Exercise directions:
Using the listing below, reproduce exactly the lines from the one with "Elegant ontwerp voor" through the last, with all pictures left out.

Dataset section:
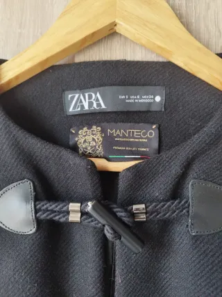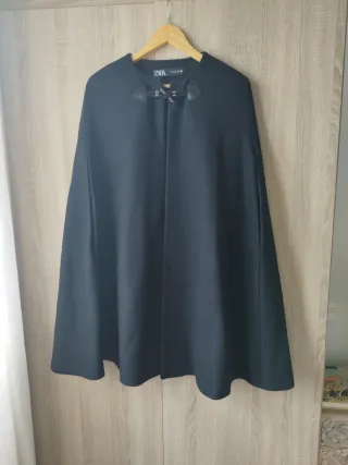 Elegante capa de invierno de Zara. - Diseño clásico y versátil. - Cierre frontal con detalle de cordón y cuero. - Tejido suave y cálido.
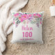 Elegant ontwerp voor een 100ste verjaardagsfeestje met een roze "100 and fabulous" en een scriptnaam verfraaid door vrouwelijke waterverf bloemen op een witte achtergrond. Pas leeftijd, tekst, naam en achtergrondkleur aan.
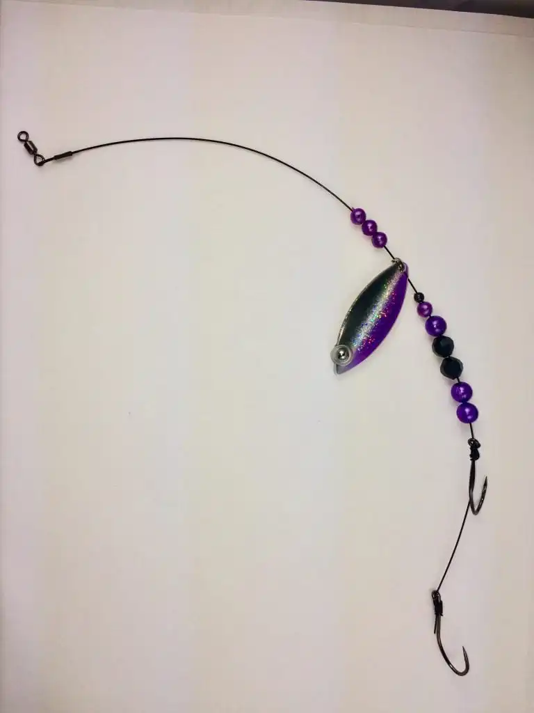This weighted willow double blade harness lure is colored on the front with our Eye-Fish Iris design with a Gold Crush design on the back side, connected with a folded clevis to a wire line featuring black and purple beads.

Answer section:
 Elegant ontwerp voor een 100ste verjaardagsfeestje met een roze "100 and fabulous" en een scriptnaam verfraaid door vrouwelijke waterverf bloemen op een witte achtergrond. Pas leeftijd, tekst, naam en achtergrondkleur aan.
This weighted willow double blade harness lure is colored on the front with our Eye-Fish Iris design with a Gold Crush design on the back side, connected with a folded clevis to a wire line featuring black and purple beads.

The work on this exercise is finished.